Activity:
Return exactly the run of lines that begins at the line containing "From backlit onyx" and ends at the last line of the material below; pictures stay out.

Data excerpt:
┌──

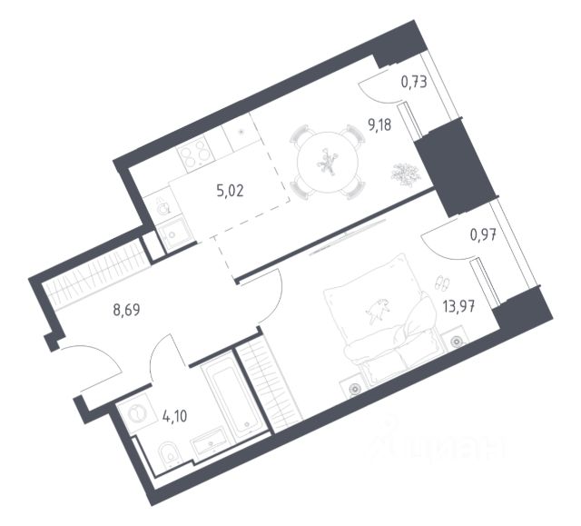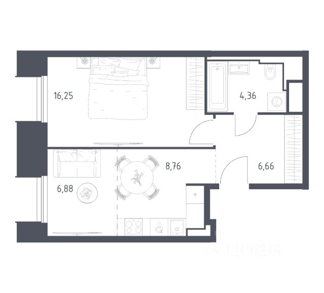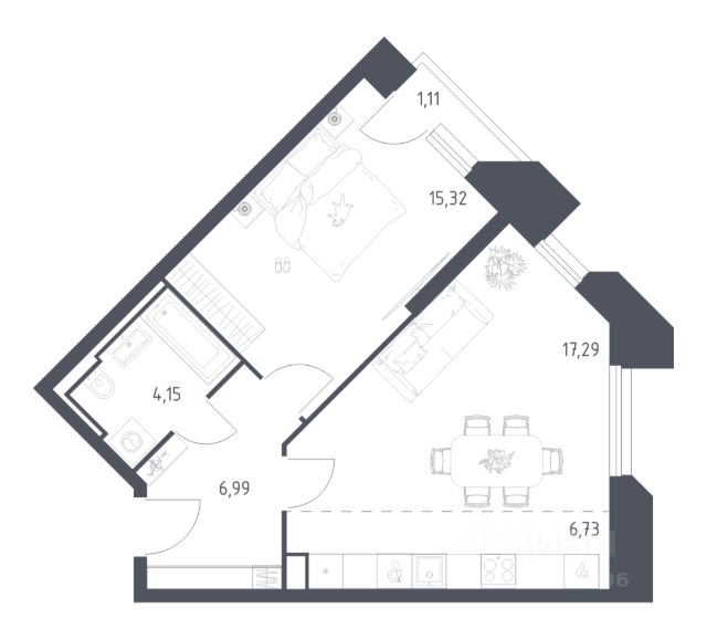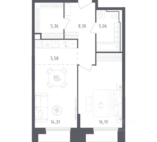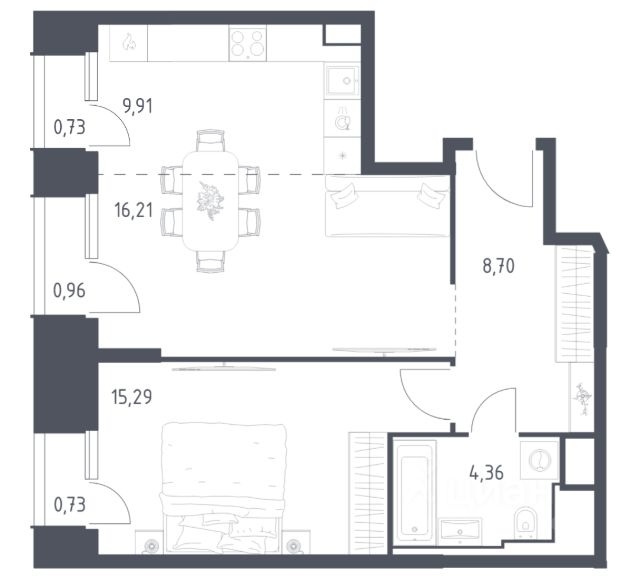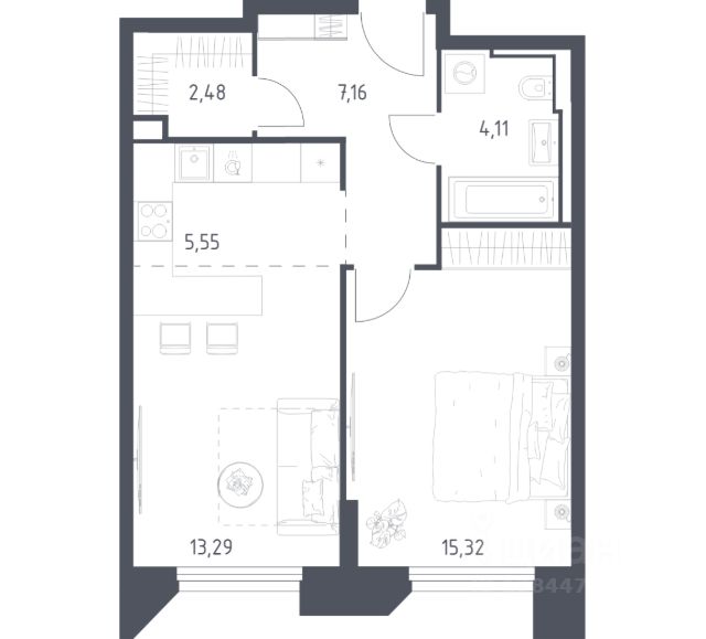 Апартамент зонирован на 2 комнаты
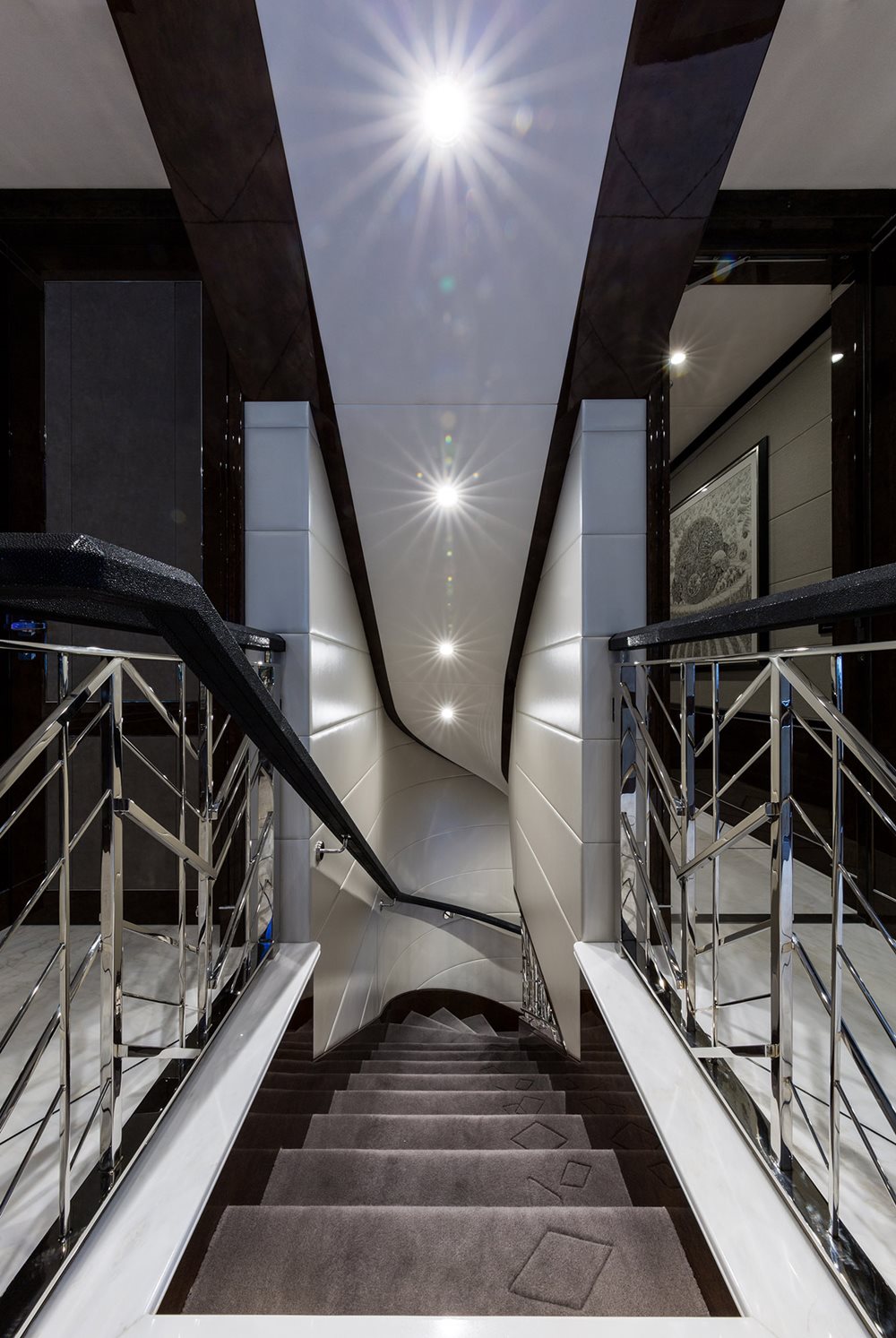 From backlit onyx in the formal dining table, to stainless steel inlays in the main foyer’s marble soles, 11.11 has stunning details. Notably, Candy himself went to marble quarries in Italy to select the marbles and onyxes used onboard. These materials, along with interactive digital artwork like a framed panel of butterflies by artist Dominic Harris, all sit amid a rich glossy walnut-paneled backdrop.
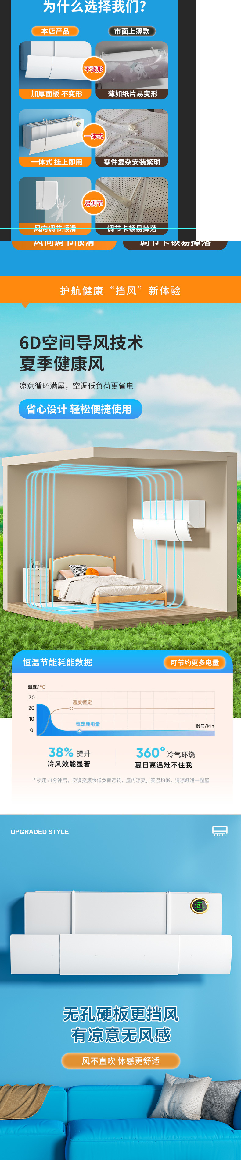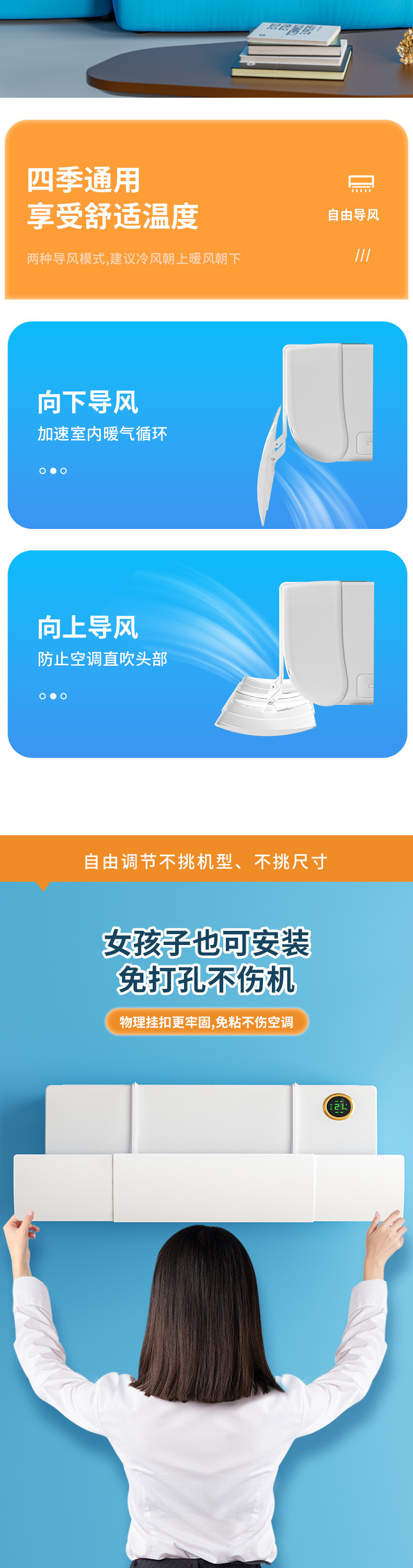에어컨 윈드 디플렉터, 직풍 방지 베젤, 에어컨 공기 배출구 커튼, 벽걸이형 윈드 디플렉터, 범용 산후 설치 불필요스토어 가기

└──

Result for this task:
 From backlit onyx in the formal dining table, to stainless steel inlays in the main foyer’s marble soles, 11.11 has stunning details. Notably, Candy himself went to marble quarries in Italy to select the marbles and onyxes used onboard. These materials, along with interactive digital artwork like a framed panel of butterflies by artist Dominic Harris, all sit amid a rich glossy walnut-paneled backdrop.
에어컨 윈드 디플렉터, 직풍 방지 베젤, 에어컨 공기 배출구 커튼, 벽걸이형 윈드 디플렉터, 범용 산후 설치 불필요스토어 가기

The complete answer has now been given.